In 1996 he organized an exhibition in Kyiv dedicated to the 150th anniversary of Nicholas Miklouho-Maclay and initiated the issuance of a postage stamp by Ukrposhta dedicated to the 150th anniversary of Nicholas Miklouho-Maclay. In 1998, thanks to his efforts, Ukrposhta issued a postage stamp dedicated to the 50th anniversary of the Ukrainian settlement in Australia. In 2000, he organized the arrival of a delegation of the Kyiv City Council to establish cultural relations between the cities of Kyiv and Sydney and to bring a sculpture-monument "Shevchenko's Dumas" as a gift to Ukrainians in Sydney from Ukraine.

He was awarded the Diploma of the Ministry of Culture and Arts of Ukraine (2003).

== Sources and further reading ==
- Винниченко Ігор.
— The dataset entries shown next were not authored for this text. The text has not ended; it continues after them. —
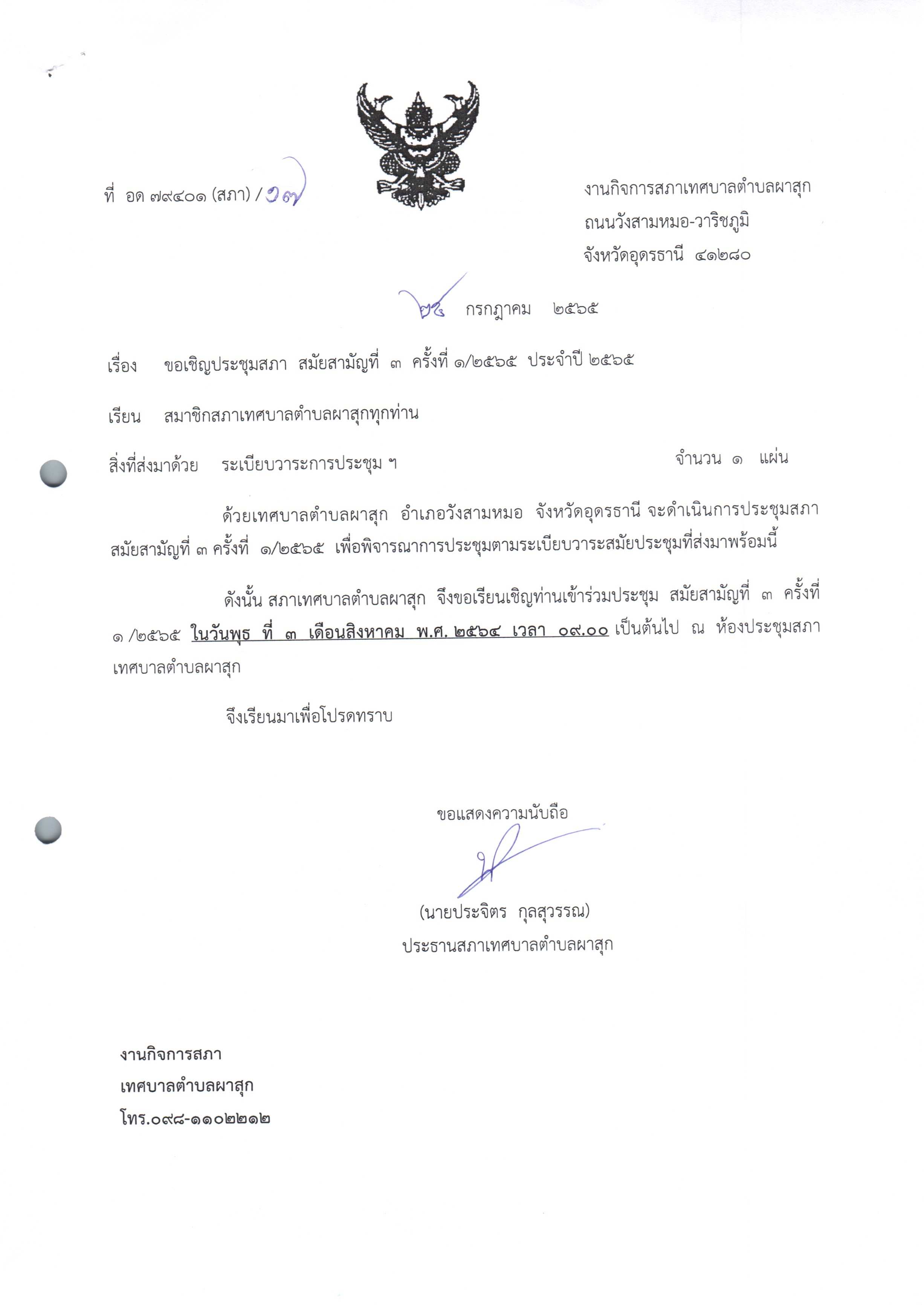ประชุมสภา สมัยสามัญที่ 3 ครั้งที่ 1 ประจำ 2565
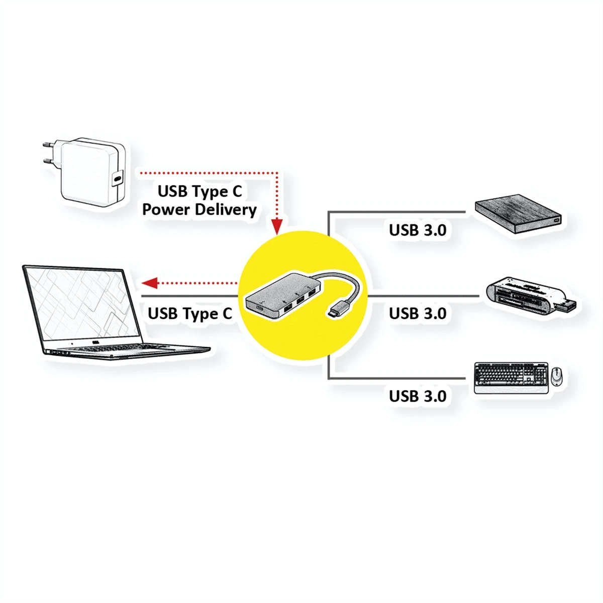 3-Port USB 3.0 / USB 3.2 Gen 1 Hub mit USB Typ C Anschlusskabel und zusätzlichem USB Typ C PD (Power Delivery) Port – geeignet für MacBooks, Ultrabooks, Notebooks/Laptops, PCs oder auch für mobile Geräte.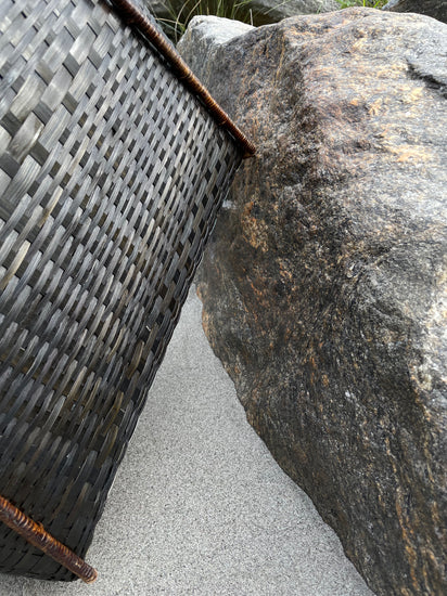 The UNGMA basket is a multi-utility object that encourages the practice of traditional basketry. Bring it to a picnic, take it to the market, use decoratively with a bunch of dried flowers, or even as a fashionable magazine holder by the sofa.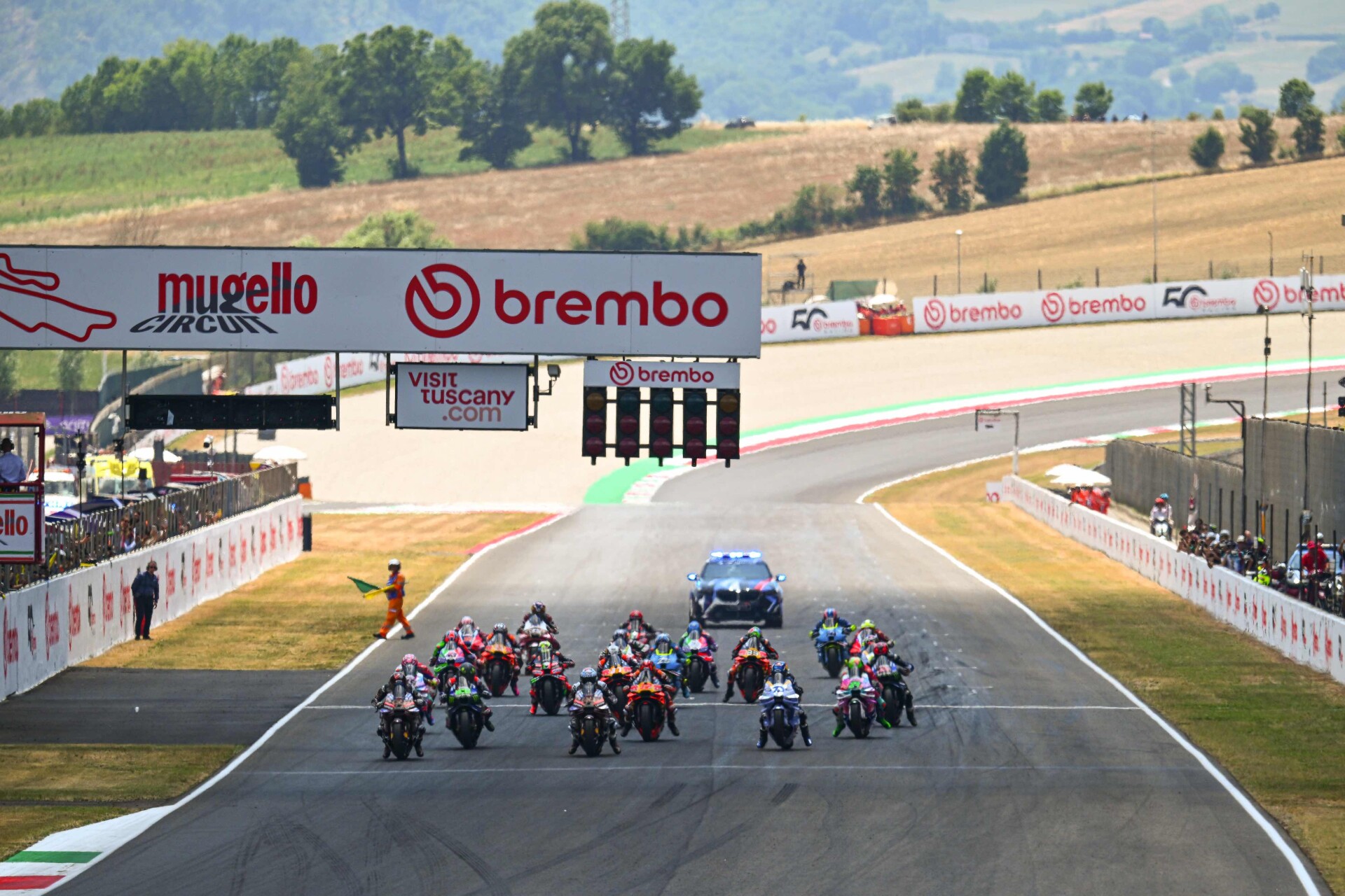 Chiude quarto Bagnaia sotto lo sguardo dei tifosi in delirio ed una vera sfilata di grandi personaggi dello sport e dello spettacolo. Dal Red Carpet di Hollywood attori come Keanu Reeves ed Eric Bana per celebrare il momento della bandiera a scacchi, passando per un Cesare Cremonini sorridente davanti alla livrea del team Vr46 dedicata al suo Tour mentre lungo la pitlane comparivano i volti noti del dj Carl Cox o del campione del mondo Fabio Cannavaro. Presente la politica locale con il Presidente della Regione Toscana Eugenio Giani, la Sindaca di Firenze e della città metropolitana di Firenze Sara Funaro e il Sindaco di Scarperia e San Piero Federico Ignesti, oltre ai consiglieri regionali Fiammetta Capirossi e Cristiano Benucci, il Presidente dell’Unione Montana Comuni del Mugello Tommaso Triberti.
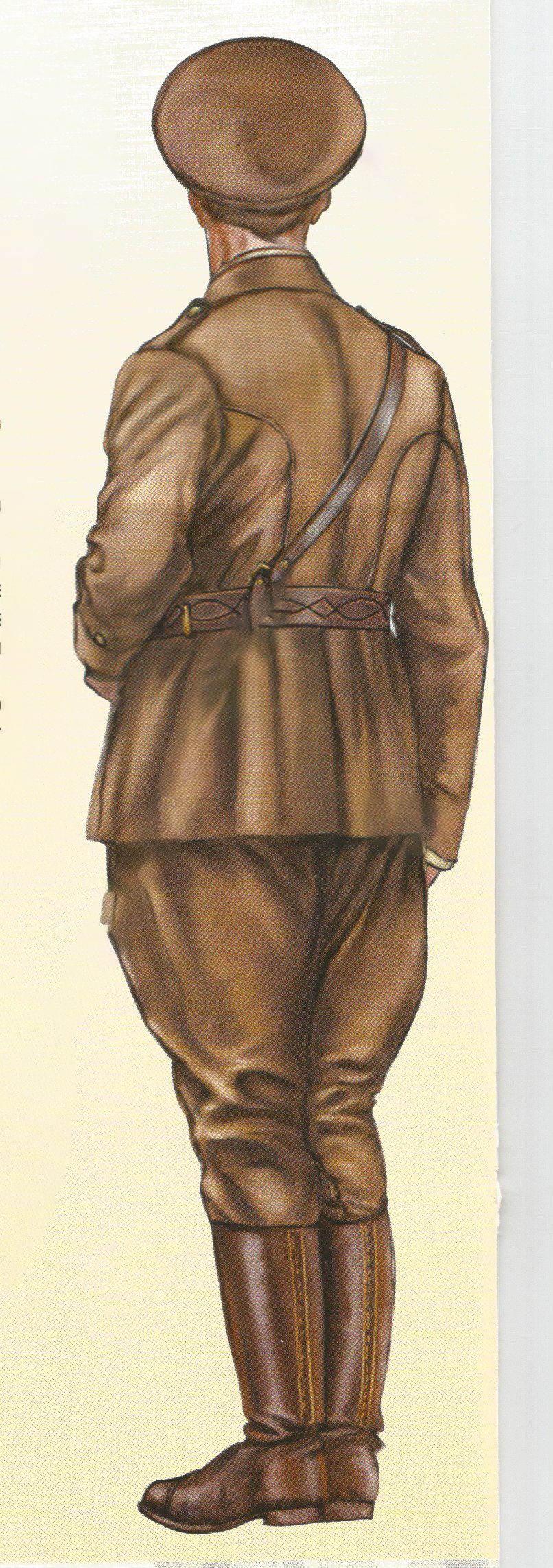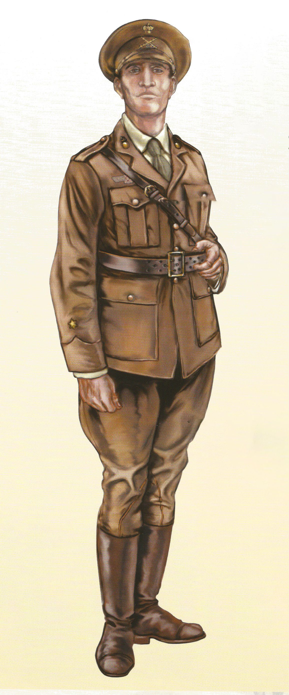 Así se buscó un color caqui verdoso diferente del caqui oscuro del ejército, si bien el corte de las guerreras y los pantalones tipo breeches era similar. La guerrera se diferenciaba por tener el cuello vuelto y bolsillos en la parte superior e inferior, sin tablilla. Los botones eran de pasta marrón oscuro. Las camisas eran del tipo usado por los deportistas de la época, en color verde claro, tenían amplios cuellos que se llevaban sobre el de la guerrera para protegerlo del roce diario.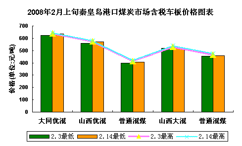 普通混煤價格相對低位。2008年2月上旬普通混煤車板含稅價格整體呈現(xiàn)上揚趨勢,含稅車板最低價格由2月3日的455元/噸攀升至2月14日460元/噸,攀幅5元/噸。含稅車板最高價格由2月3日的465元/噸攀升至2月14日475元/噸,攀幅10元/噸。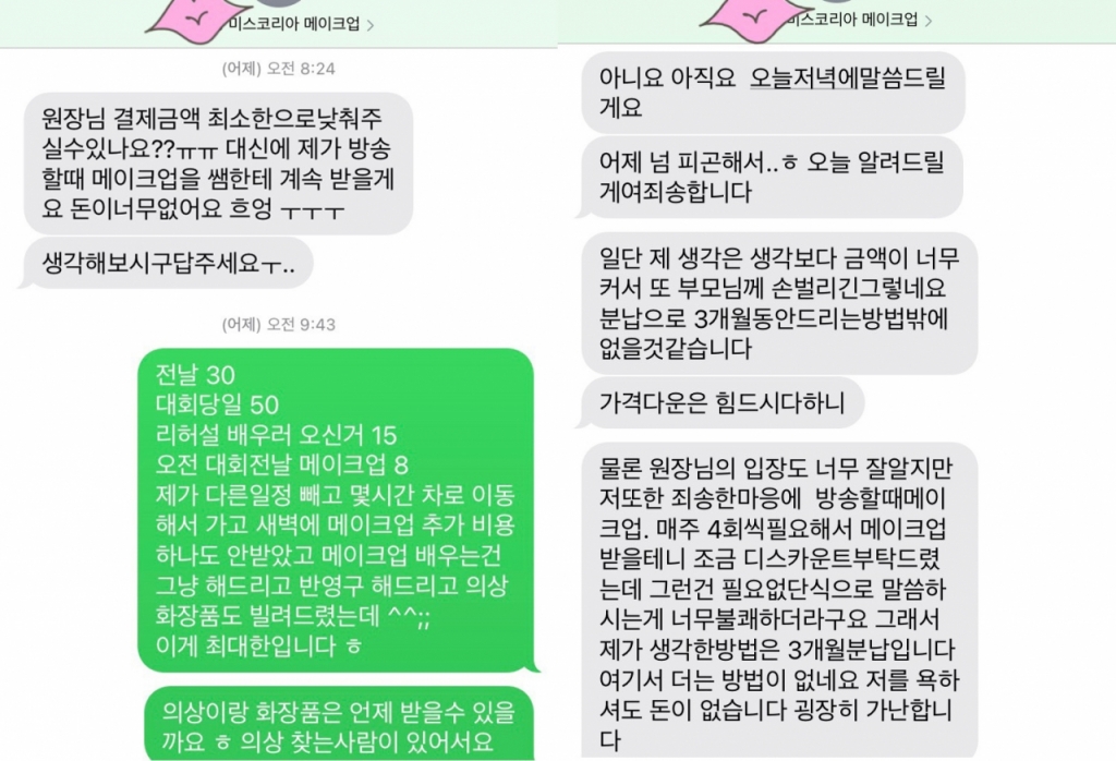 A씨는 B씨에게 지난 9월 13일과 27일 연락해 결제를 요청했지만 B씨는 결제 방식 변경 등으로 이유로 결제와 의상 반납 등을 미뤘다. A씨는 "B씨가 한 달 이상 결제를 미룬 것도 모자라 갑자기 비용 할인을 요구했고, 제가 최대한 할인해서 100만원만 받겠다고 제안했는데도 B씨는 적반하장으로 '불쾌하다'는 문자를 보냈다"며 "할인해주면 방송할 때 메이크업을 주 4회 받으려고 했다고 마치 아량을 베푼다는 듯이 말하며 3개월 분납하겠다는 통보를 했다"고 밝혔다.

Кравченко Петро Митрофанович // Енциклопедія історії України : у 10 т. / редкол.: В. А. Смолій (голова) та ін.; Інститут історії України НАН України. — К. : Наукова думка, 2009. — Т. 5 : Кон — Кю. — С. 274. — 560 с. : іл. — ISBN 966-00-0632-2.
- Рудаков Микола. Щоб не порвалась історії нитка... // Урядовий кур'єр: газета.1999,15 липня. С.16
- Рудаков Микола. Українці діаспори дарують. // Урядовий кур'єр: газета.2001,13 квітня. С.16
- Наказ Міністерства культури і мистецтв України No. 485-к від 17.07.2003 р.